Repeat the listing word for word. No pictures belong in the copy.

:: Data provided

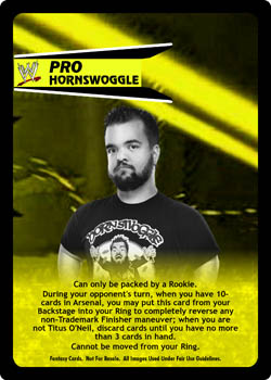 Can only be packed by a Rookie. During your opponent's turn, when you have 10- cards in Arsenal, you may put this card from your Backstage into your Ring to completely reverse any non-Trademark Finisher maneuver; when you are not Titus O'Neil, discard cards until you have no more than 3 cards in hand. Cannot be moved from your Ring.
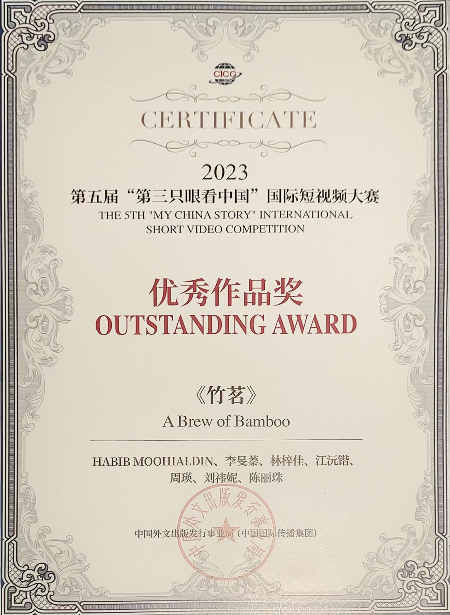 砚园学子的作品还走出了肇庆、传播到了国际。由必赢242net官网广宁县“助力乡村振兴”竹芯茶文化实践团拍摄的视频《竹茗》,以外国导演视角讲述广宁深厚的竹芯茶历史,带领观众领略体验从古至今的竹芯茶韵,颇受好评。在2023年第五届“第三只眼看中国”国际短视频大赛中,《竹茗》斩获优秀作品奖,广宁的竹芯文化得以传扬海外。
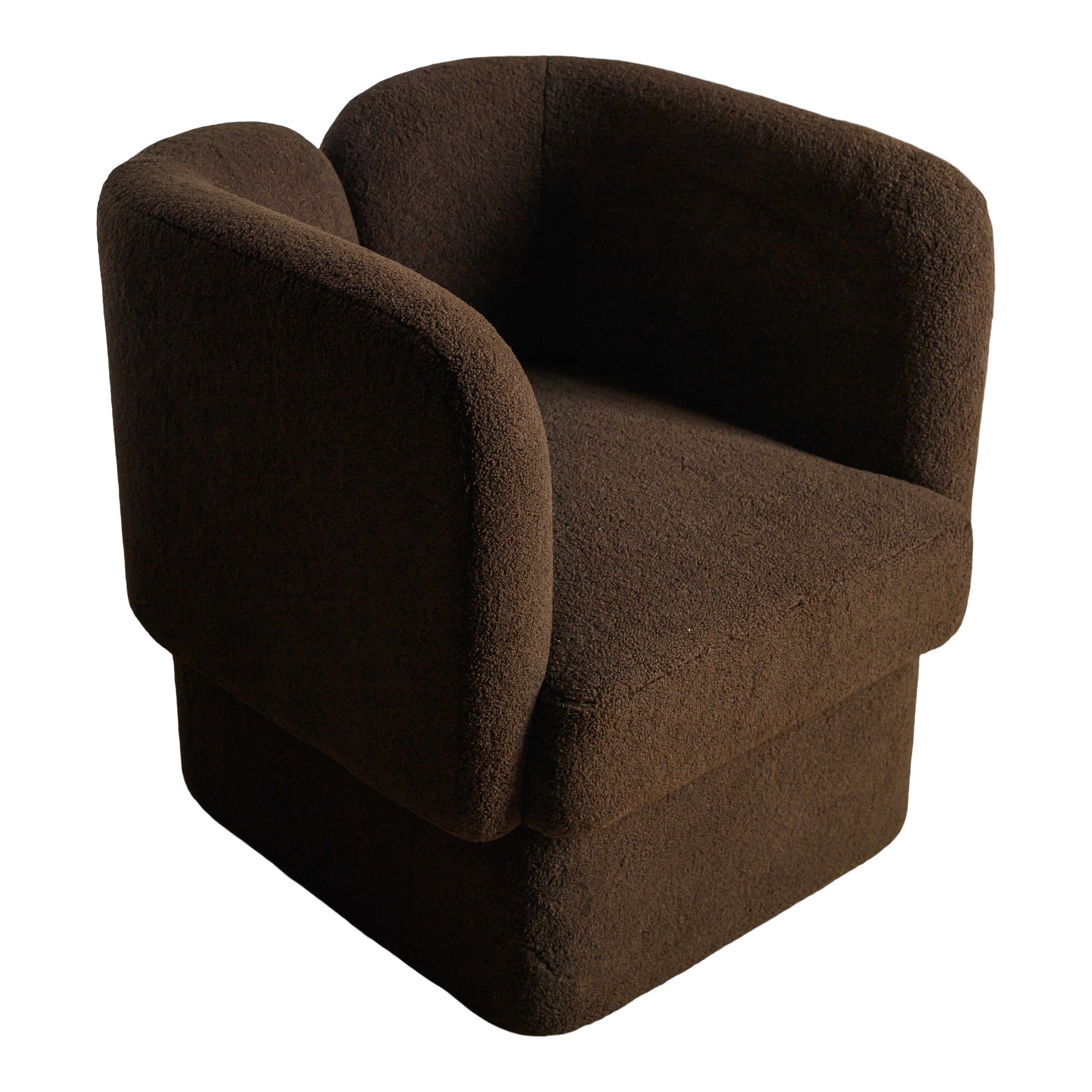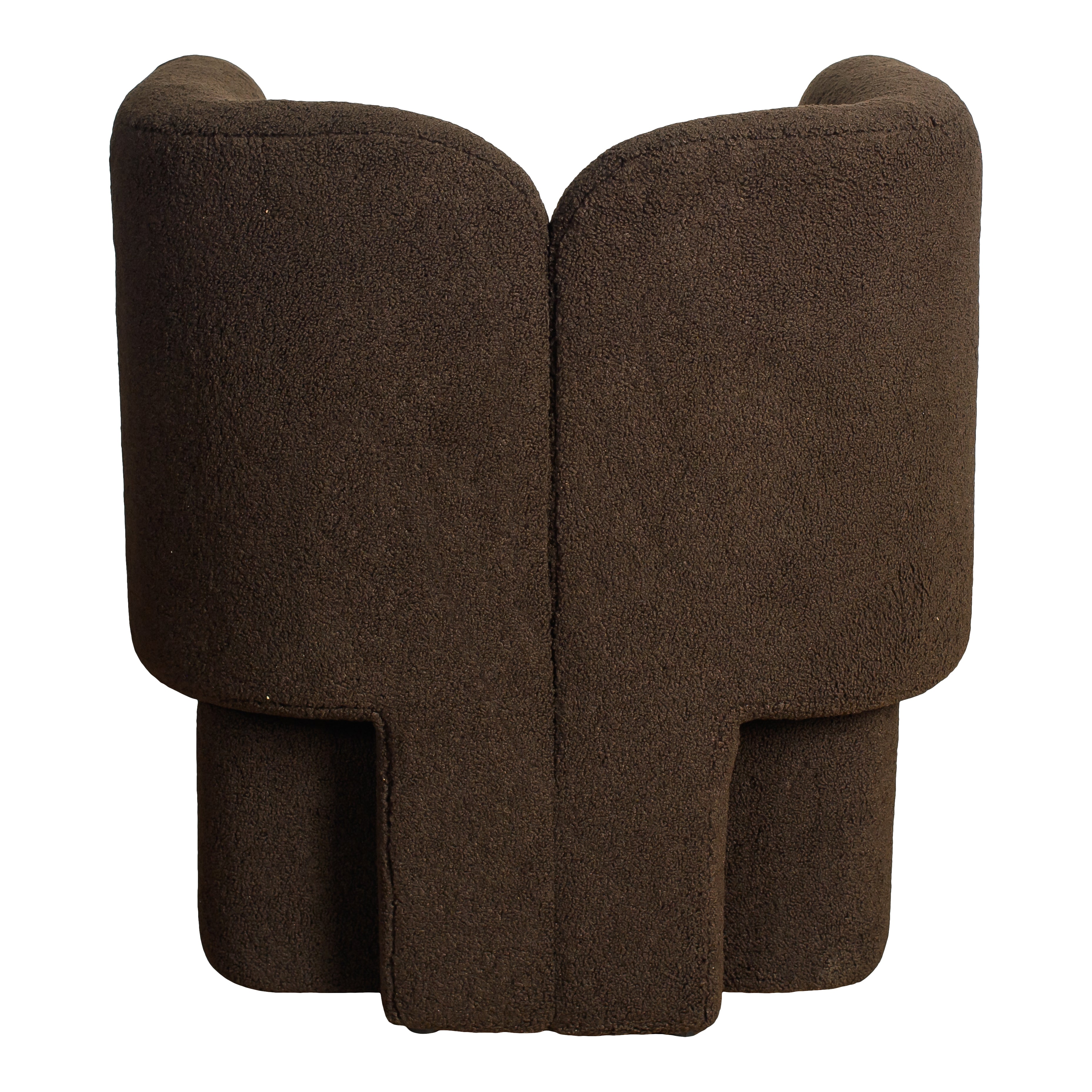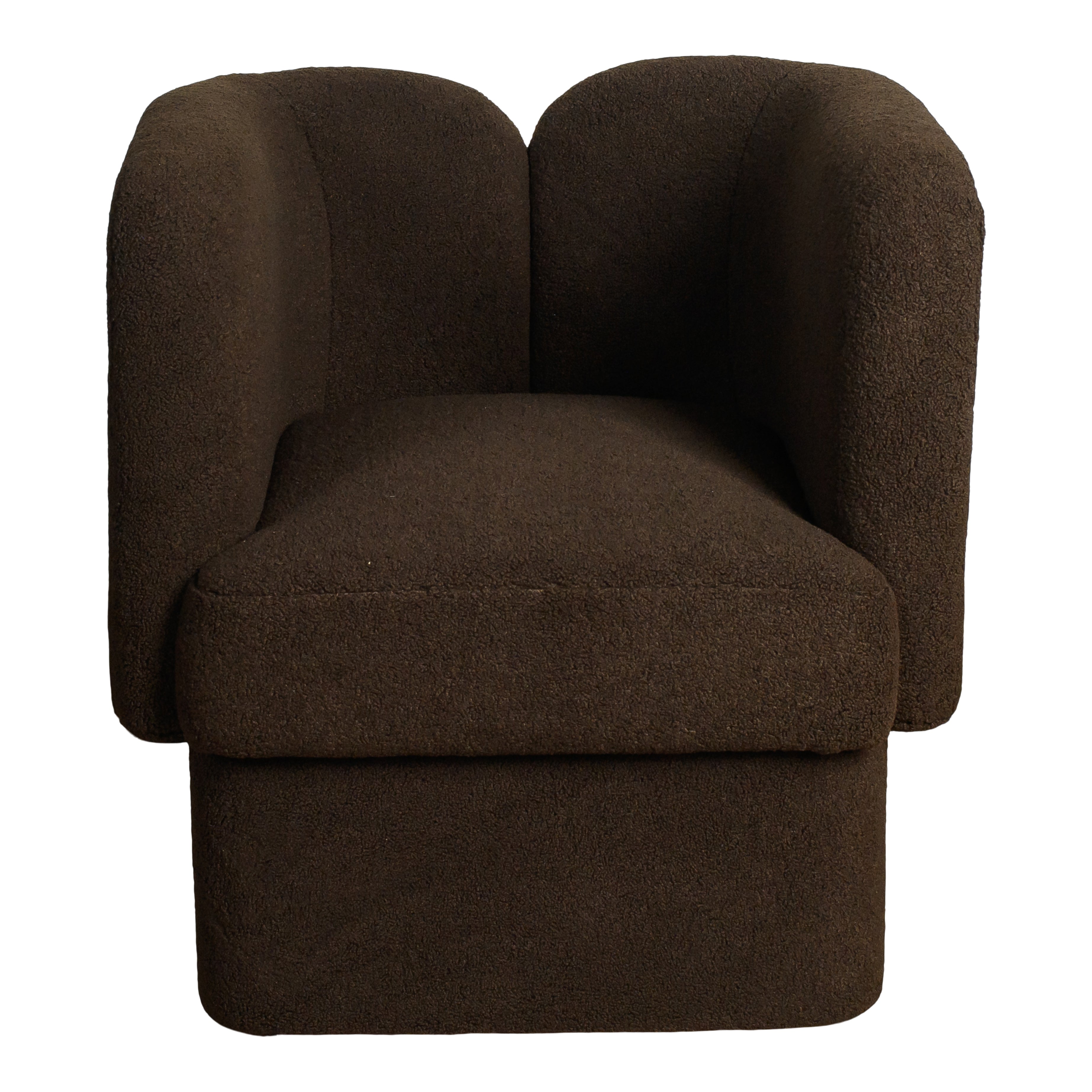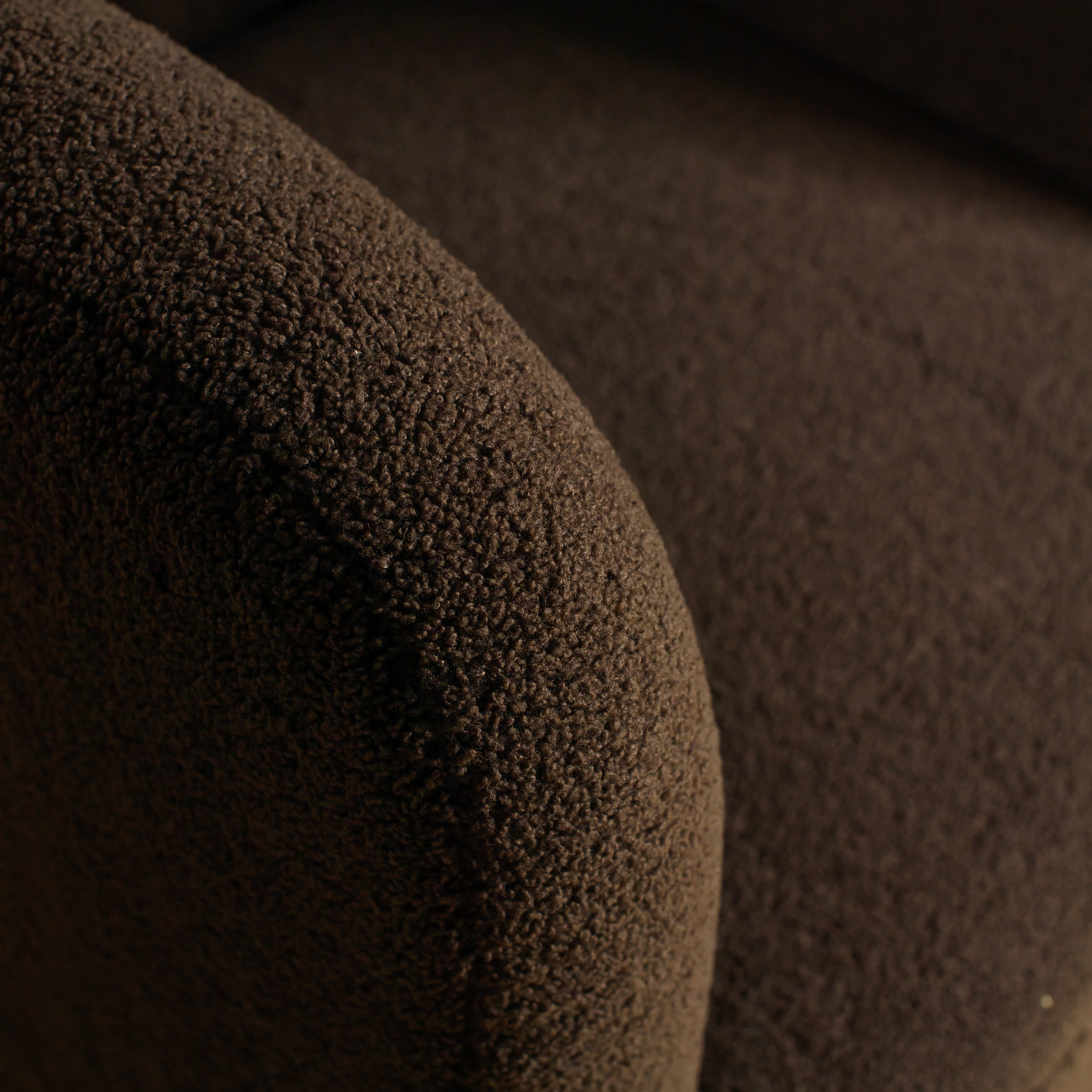 The Paddington Armchair features a rounded silhouette upholstered in rich mocha boucle. Its low profile and wrapped arms give it a modern, sculptural feel that blends seamlessly into lounge groupings or cozy seating areas.

::::

Task answer -
 Can only be packed by a Rookie. During your opponent's turn, when you have 10- cards in Arsenal, you may put this card from your Backstage into your Ring to completely reverse any non-Trademark Finisher maneuver; when you are not Titus O'Neil, discard cards until you have no more than 3 cards in hand. Cannot be moved from your Ring.
 砚园学子的作品还走出了肇庆、传播到了国际。由必赢242net官网广宁县“助力乡村振兴”竹芯茶文化实践团拍摄的视频《竹茗》,以外国导演视角讲述广宁深厚的竹芯茶历史,带领观众领略体验从古至今的竹芯茶韵,颇受好评。在2023年第五届“第三只眼看中国”国际短视频大赛中,《竹茗》斩获优秀作品奖,广宁的竹芯文化得以传扬海外。
 The Paddington Armchair features a rounded silhouette upholstered in rich mocha boucle. Its low profile and wrapped arms give it a modern, sculptural feel that blends seamlessly into lounge groupings or cozy seating areas.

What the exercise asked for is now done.